Supplied records:

********************

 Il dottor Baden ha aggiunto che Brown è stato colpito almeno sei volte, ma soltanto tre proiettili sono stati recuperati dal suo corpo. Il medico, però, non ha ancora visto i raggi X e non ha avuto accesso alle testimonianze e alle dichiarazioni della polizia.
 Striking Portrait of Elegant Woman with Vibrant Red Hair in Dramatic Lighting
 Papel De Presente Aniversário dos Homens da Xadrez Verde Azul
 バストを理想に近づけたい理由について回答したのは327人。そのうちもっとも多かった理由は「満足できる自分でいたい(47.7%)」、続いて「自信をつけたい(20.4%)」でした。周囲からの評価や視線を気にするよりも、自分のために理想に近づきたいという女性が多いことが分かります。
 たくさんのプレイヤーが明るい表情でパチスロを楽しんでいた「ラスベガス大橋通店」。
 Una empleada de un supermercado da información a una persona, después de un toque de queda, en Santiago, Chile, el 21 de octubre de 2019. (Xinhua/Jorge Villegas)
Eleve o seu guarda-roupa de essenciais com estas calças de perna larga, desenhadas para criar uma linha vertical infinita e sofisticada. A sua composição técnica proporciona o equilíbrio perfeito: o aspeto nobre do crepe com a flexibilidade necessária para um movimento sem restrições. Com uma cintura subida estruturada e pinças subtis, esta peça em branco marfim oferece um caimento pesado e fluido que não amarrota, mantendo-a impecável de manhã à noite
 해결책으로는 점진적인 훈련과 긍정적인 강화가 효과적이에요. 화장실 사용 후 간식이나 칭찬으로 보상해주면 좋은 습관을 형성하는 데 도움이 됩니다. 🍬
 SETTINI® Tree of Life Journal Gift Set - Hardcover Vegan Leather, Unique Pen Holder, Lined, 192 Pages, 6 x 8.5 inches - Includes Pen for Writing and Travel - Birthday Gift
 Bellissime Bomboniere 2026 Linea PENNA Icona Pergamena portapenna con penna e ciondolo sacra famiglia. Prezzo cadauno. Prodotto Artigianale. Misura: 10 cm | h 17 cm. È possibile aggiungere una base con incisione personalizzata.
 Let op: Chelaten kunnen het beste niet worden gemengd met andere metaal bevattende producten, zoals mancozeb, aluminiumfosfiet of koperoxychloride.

********************

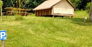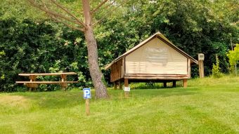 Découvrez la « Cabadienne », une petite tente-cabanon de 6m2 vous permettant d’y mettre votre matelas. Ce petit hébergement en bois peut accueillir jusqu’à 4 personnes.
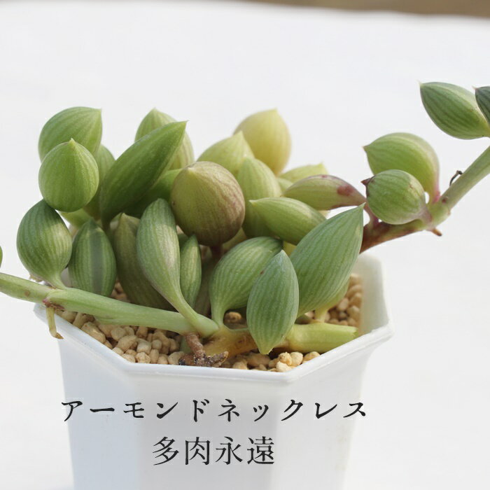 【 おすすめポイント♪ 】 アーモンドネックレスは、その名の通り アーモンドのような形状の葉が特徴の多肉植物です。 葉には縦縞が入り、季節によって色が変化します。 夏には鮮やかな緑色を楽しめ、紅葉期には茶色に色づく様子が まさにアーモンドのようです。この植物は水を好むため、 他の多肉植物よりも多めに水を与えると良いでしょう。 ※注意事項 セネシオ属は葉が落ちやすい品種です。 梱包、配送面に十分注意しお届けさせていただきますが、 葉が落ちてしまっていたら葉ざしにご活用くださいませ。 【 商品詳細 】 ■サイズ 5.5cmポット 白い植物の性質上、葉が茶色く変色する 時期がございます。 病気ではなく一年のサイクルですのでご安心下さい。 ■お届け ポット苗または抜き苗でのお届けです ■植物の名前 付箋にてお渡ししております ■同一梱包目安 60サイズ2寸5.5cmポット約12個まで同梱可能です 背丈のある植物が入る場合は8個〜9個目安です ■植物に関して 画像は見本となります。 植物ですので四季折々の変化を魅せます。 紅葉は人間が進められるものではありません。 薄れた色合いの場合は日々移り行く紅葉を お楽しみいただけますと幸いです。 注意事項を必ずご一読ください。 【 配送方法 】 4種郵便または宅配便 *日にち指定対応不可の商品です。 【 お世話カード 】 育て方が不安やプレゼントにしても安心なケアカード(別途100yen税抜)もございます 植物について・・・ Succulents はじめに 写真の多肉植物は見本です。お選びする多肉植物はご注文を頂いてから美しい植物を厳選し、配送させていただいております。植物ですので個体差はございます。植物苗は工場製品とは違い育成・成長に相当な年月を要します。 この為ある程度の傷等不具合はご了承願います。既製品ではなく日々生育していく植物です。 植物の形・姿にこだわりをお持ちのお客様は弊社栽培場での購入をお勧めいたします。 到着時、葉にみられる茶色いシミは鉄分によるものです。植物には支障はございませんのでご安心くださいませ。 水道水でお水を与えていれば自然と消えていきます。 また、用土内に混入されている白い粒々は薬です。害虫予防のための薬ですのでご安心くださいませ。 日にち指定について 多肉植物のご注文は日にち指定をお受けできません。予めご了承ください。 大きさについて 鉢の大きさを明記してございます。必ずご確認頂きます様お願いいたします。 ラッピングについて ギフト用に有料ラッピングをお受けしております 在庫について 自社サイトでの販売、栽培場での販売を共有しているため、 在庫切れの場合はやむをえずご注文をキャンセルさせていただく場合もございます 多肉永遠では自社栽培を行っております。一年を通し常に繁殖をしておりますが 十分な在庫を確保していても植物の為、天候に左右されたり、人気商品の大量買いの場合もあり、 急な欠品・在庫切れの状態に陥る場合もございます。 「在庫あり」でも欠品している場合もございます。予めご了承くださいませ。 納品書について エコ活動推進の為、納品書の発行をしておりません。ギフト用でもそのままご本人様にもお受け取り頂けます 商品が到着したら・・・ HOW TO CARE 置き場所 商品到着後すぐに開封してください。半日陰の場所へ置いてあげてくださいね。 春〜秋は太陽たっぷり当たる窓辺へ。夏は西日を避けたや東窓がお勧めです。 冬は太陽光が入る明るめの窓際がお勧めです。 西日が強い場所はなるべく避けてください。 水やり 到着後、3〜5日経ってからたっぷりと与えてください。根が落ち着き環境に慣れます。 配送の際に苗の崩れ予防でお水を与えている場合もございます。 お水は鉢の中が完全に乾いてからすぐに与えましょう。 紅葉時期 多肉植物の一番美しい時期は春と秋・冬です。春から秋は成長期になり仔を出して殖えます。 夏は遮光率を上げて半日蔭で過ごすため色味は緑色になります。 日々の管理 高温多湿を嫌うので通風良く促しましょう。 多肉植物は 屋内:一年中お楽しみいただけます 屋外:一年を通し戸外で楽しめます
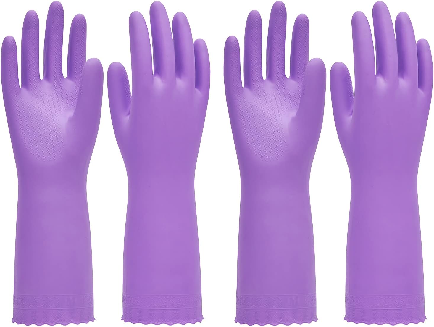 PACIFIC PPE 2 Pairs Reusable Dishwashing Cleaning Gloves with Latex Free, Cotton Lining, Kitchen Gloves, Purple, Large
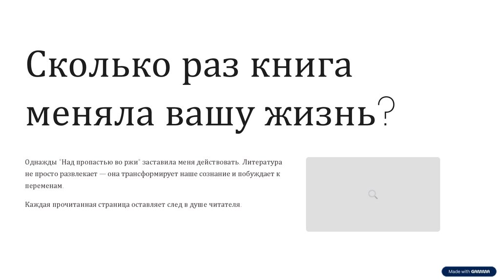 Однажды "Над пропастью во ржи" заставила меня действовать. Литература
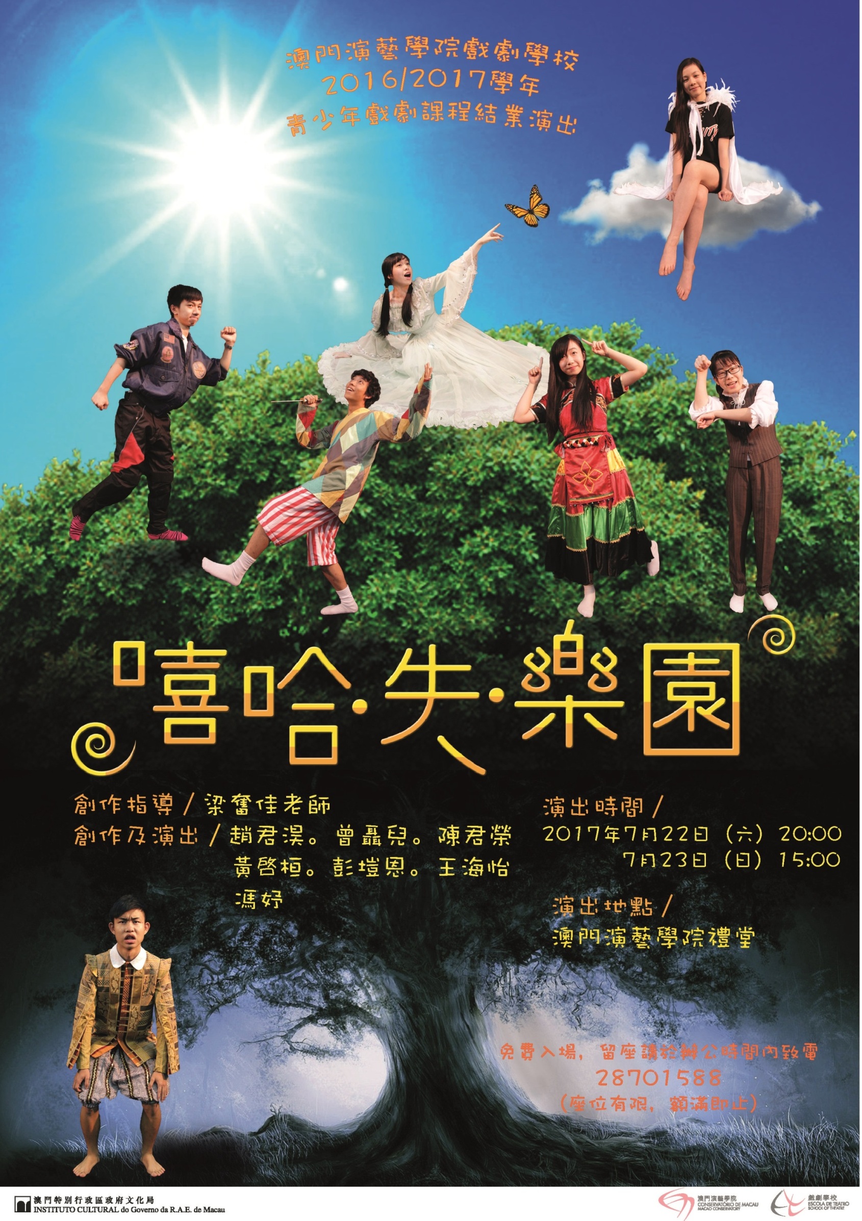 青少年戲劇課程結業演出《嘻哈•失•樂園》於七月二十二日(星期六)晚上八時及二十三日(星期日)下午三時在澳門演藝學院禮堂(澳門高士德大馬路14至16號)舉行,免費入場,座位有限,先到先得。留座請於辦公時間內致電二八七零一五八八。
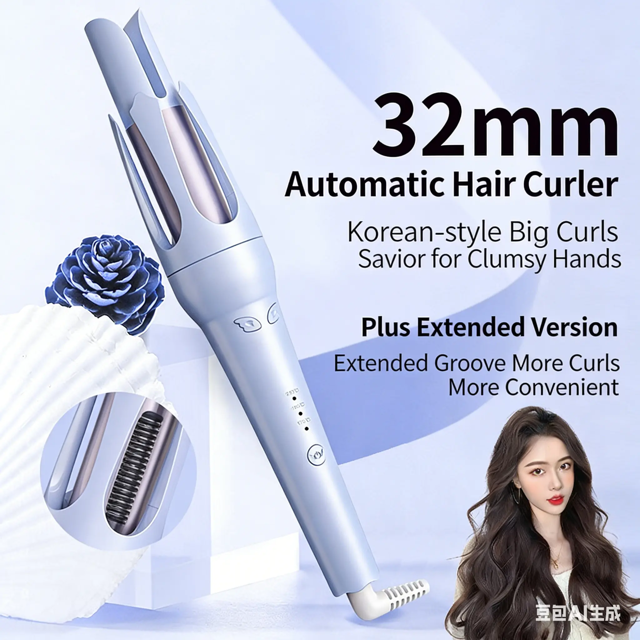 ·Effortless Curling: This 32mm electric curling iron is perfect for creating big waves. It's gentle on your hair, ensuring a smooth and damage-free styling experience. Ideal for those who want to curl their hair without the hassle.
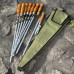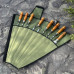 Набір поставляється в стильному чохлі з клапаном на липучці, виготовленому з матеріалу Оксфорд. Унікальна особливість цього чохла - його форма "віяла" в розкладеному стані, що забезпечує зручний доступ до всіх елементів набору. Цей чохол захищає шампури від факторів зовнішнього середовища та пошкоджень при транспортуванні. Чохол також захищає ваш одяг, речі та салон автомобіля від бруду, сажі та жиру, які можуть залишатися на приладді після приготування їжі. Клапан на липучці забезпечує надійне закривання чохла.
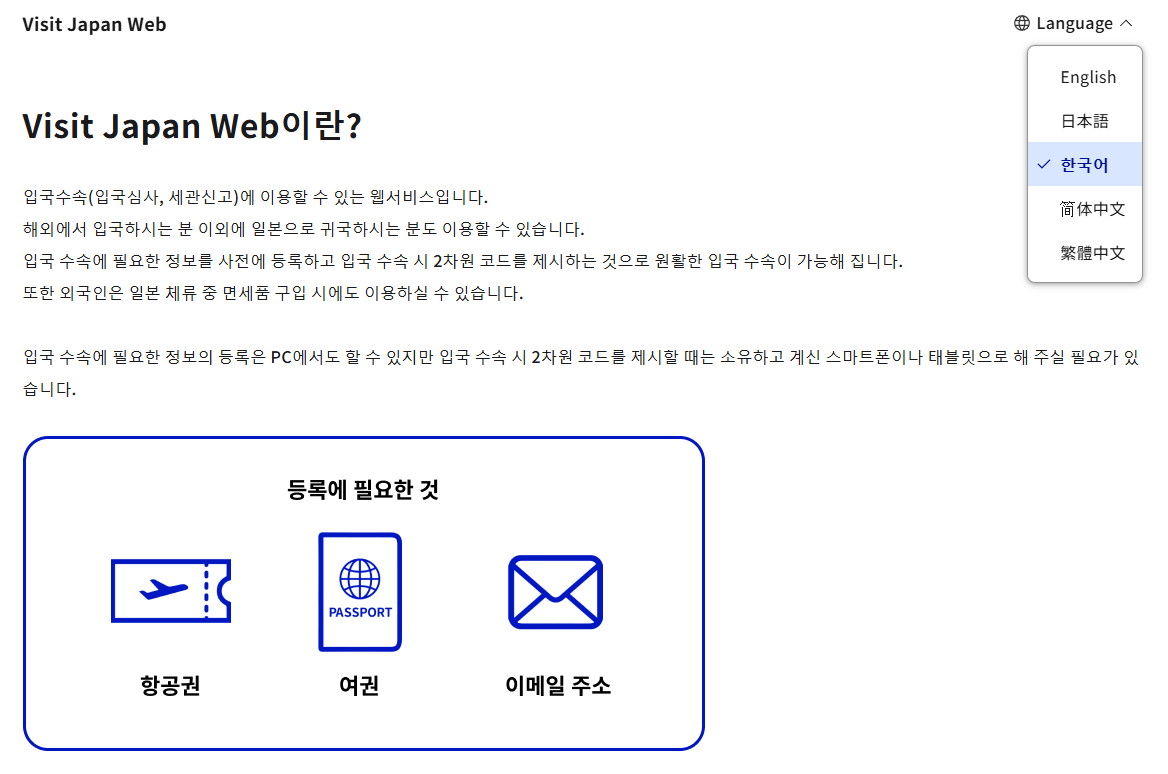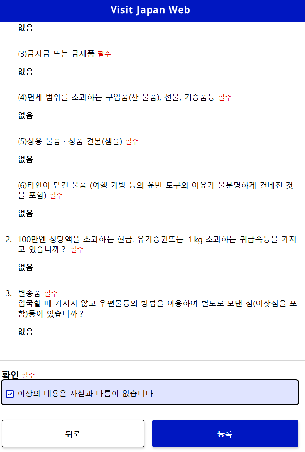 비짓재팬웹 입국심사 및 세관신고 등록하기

********************

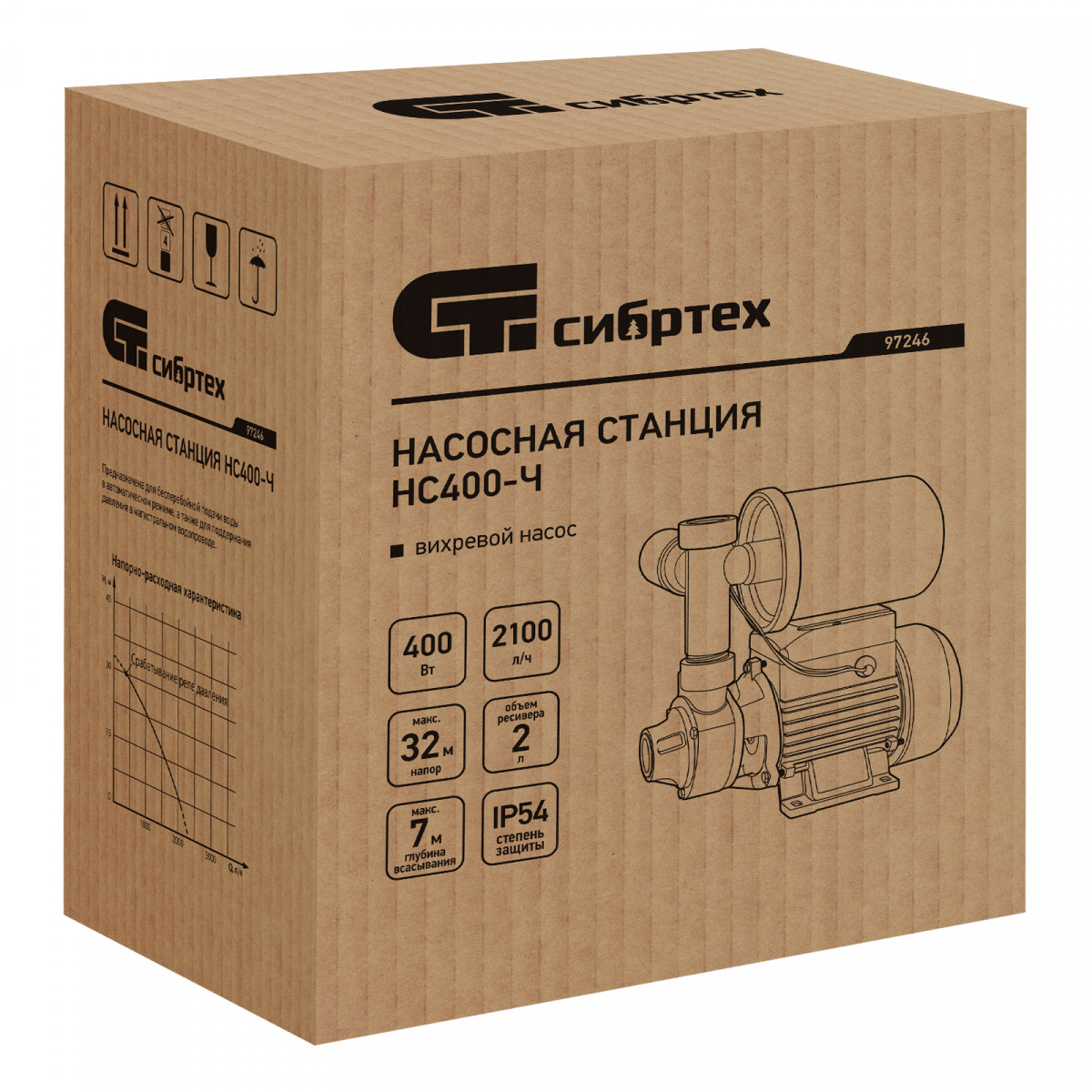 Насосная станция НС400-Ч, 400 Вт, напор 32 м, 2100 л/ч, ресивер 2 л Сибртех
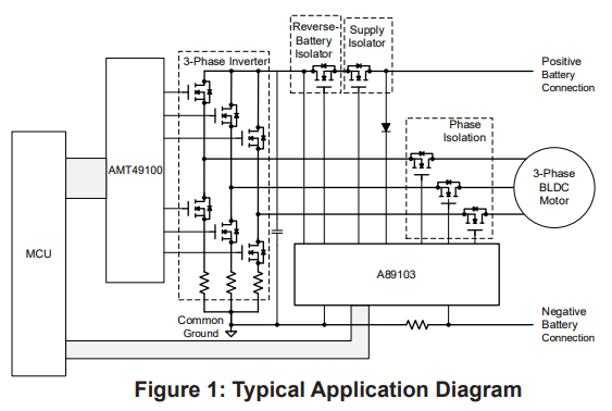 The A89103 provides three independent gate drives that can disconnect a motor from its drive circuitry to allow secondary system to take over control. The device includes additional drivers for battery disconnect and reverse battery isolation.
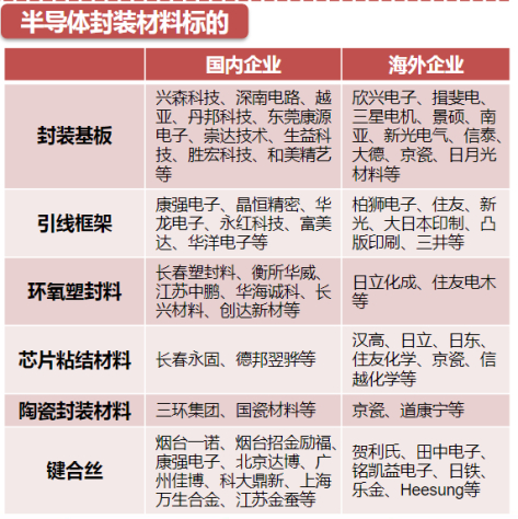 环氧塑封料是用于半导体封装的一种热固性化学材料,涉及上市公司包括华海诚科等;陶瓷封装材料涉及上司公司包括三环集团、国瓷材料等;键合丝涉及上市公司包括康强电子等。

********************

The task:
Both the line containing "バストを理想に近づけたい理由" and the line containing "Una empleada de" belong in the answer. Print them and every line above that falls between them exactly, and no others.

Worked solution:
 バストを理想に近づけたい理由について回答したのは327人。そのうちもっとも多かった理由は「満足できる自分でいたい(47.7%)」、続いて「自信をつけたい(20.4%)」でした。周囲からの評価や視線を気にするよりも、自分のために理想に近づきたいという女性が多いことが分かります。
 たくさんのプレイヤーが明るい表情でパチスロを楽しんでいた「ラスベガス大橋通店」。
 Una empleada de un supermercado da información a una persona, después de un toque de queda, en Santiago, Chile, el 21 de octubre de 2019. (Xinhua/Jorge Villegas)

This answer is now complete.